:: TASK PROMPT ::
Print the listing below only from the line that has "特别开心今天收到了过年淘的一些宝贝 包装还是一如既往的认真啊 卖家都特别特别好" through the line that has "项目集逾14万方高端住宅、约", exactly, and drop any picture.

:: DATA FOR PROCESSING ::

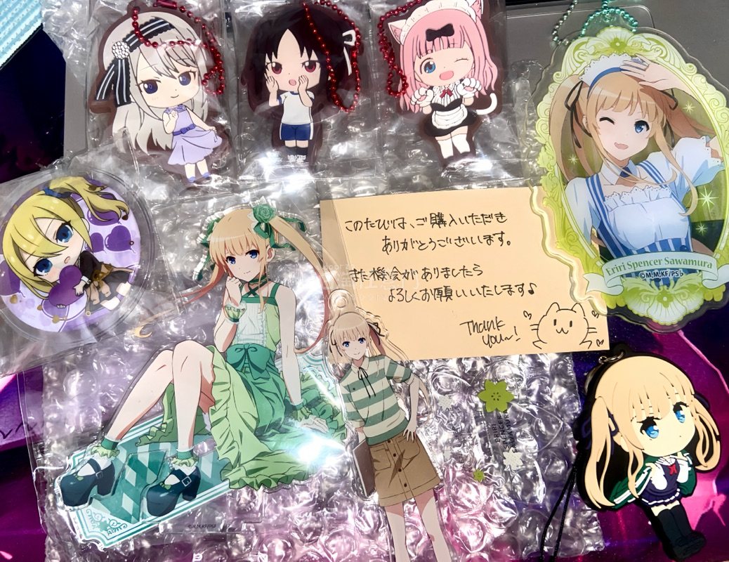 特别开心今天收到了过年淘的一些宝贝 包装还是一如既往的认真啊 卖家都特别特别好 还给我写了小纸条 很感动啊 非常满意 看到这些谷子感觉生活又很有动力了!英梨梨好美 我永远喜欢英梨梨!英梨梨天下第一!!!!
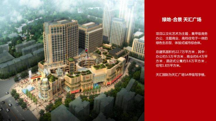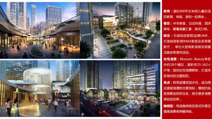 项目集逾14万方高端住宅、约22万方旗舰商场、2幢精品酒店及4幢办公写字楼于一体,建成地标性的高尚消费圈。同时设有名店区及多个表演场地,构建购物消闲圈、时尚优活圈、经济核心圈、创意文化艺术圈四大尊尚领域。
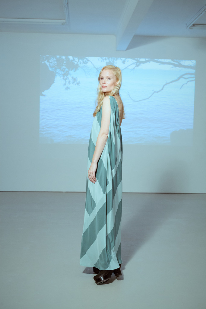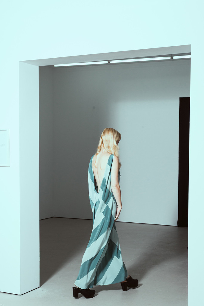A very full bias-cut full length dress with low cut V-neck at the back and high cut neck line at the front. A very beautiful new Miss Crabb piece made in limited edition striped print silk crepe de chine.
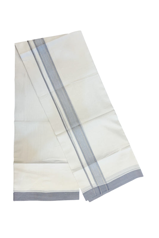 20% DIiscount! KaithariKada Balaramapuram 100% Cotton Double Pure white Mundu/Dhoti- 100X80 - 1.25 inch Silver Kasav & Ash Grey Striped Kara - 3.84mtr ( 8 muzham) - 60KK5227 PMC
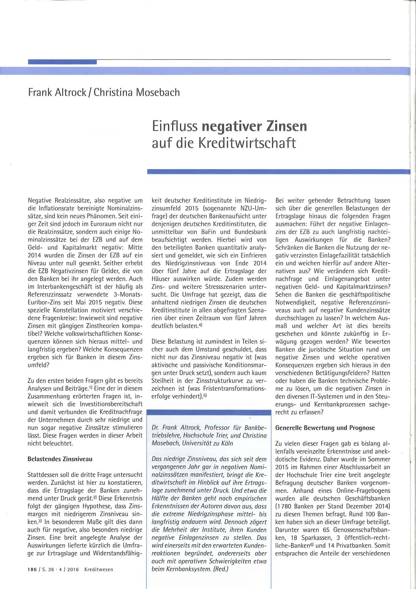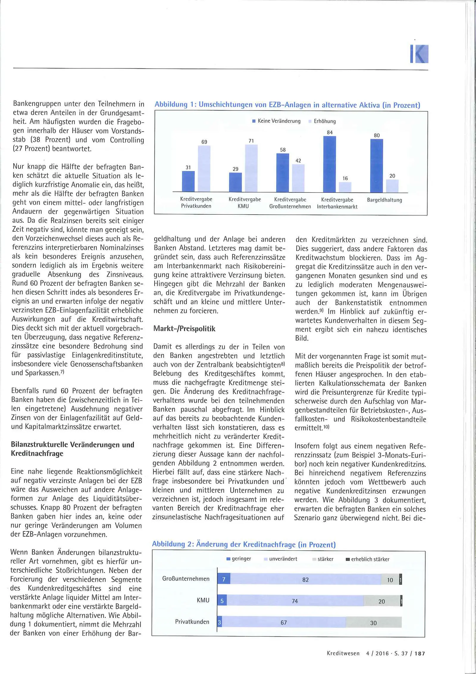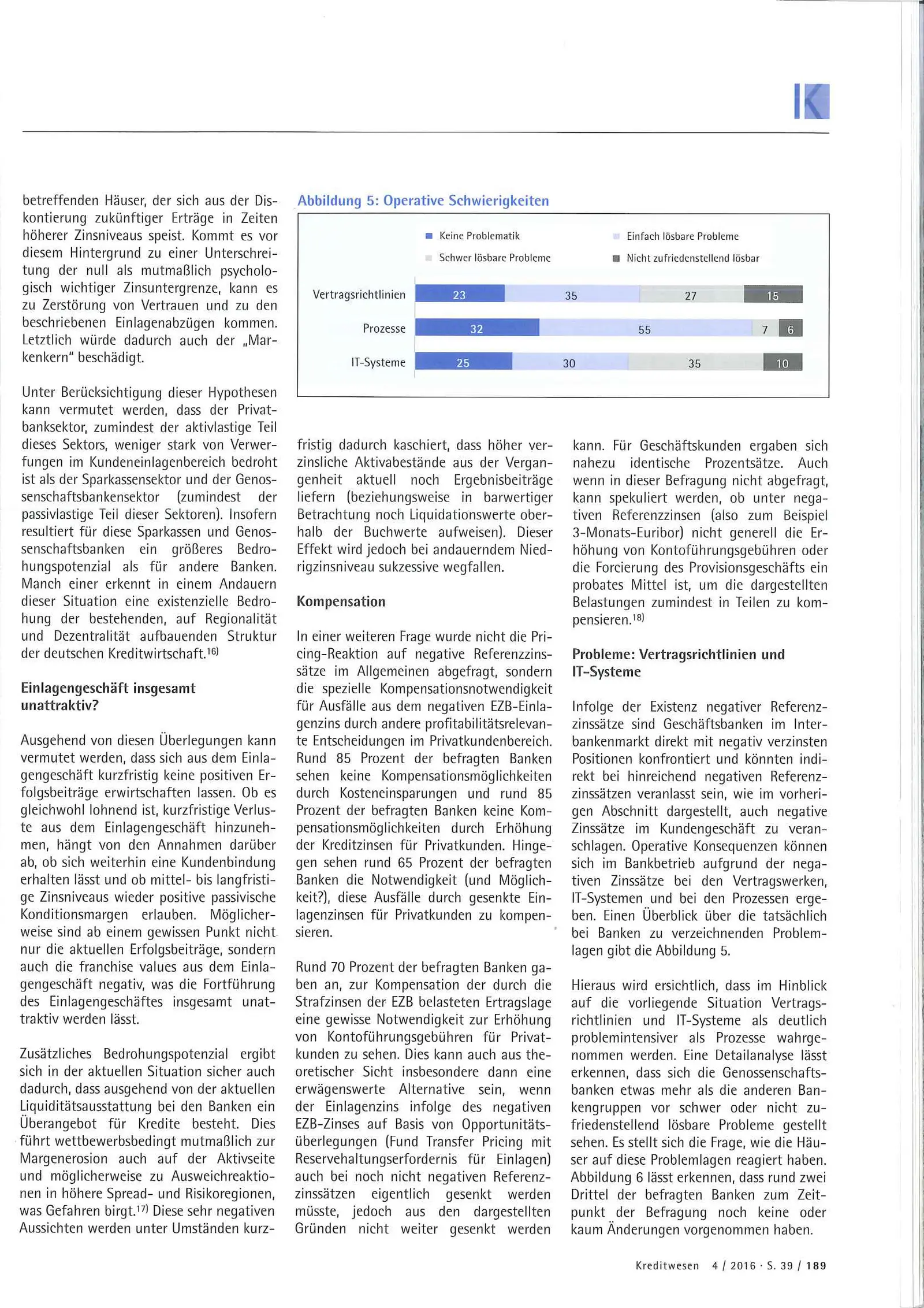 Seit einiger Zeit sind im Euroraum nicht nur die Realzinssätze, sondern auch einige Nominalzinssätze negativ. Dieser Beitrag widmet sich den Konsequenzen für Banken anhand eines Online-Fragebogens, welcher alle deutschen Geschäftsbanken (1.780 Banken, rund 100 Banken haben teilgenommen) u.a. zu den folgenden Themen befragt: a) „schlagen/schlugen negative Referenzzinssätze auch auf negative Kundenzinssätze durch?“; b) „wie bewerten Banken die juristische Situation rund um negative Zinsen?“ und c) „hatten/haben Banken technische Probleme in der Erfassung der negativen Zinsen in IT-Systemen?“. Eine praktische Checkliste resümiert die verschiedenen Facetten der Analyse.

--

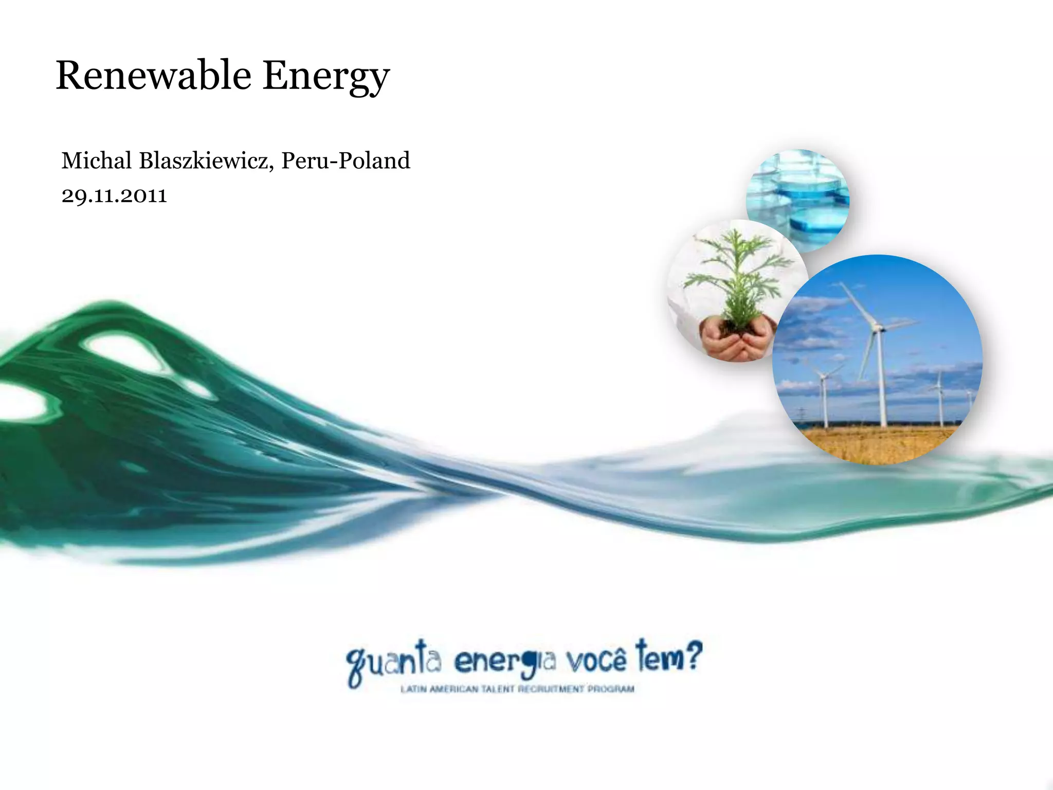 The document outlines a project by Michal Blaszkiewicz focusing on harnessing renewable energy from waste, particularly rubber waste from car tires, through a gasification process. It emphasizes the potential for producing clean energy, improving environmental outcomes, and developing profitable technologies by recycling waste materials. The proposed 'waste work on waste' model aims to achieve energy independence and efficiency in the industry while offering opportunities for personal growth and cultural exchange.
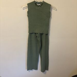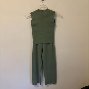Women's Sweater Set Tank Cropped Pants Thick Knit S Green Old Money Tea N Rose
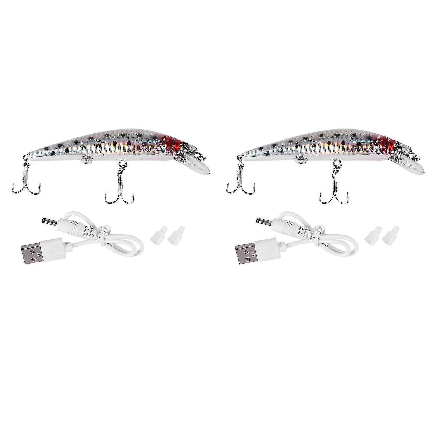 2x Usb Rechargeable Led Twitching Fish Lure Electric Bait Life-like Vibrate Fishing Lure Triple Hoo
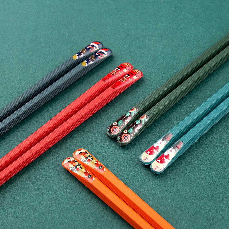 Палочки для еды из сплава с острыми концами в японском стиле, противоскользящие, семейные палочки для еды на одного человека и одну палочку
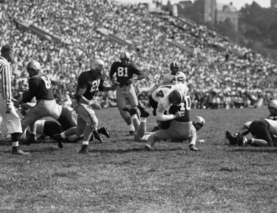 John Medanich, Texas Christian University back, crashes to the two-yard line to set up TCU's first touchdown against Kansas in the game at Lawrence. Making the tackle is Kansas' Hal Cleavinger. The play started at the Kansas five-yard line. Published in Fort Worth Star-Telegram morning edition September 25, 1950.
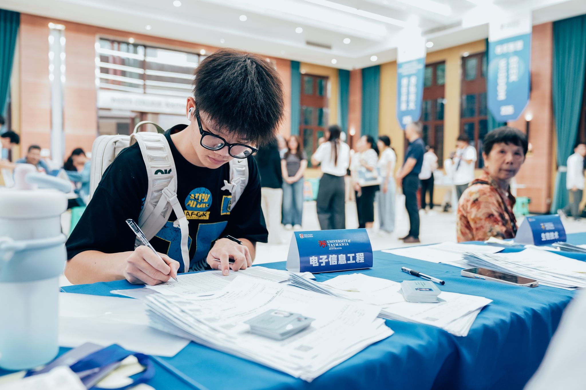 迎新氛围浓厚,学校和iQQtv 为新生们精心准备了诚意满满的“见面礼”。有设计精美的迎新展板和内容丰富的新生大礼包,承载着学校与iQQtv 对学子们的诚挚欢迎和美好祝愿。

:: OUTPUT BELOW ::
 特别开心今天收到了过年淘的一些宝贝 包装还是一如既往的认真啊 卖家都特别特别好 还给我写了小纸条 很感动啊 非常满意 看到这些谷子感觉生活又很有动力了!英梨梨好美 我永远喜欢英梨梨!英梨梨天下第一!!!!
 项目集逾14万方高端住宅、约22万方旗舰商场、2幢精品酒店及4幢办公写字楼于一体,建成地标性的高尚消费圈。同时设有名店区及多个表演场地,构建购物消闲圈、时尚优活圈、经济核心圈、创意文化艺术圈四大尊尚领域。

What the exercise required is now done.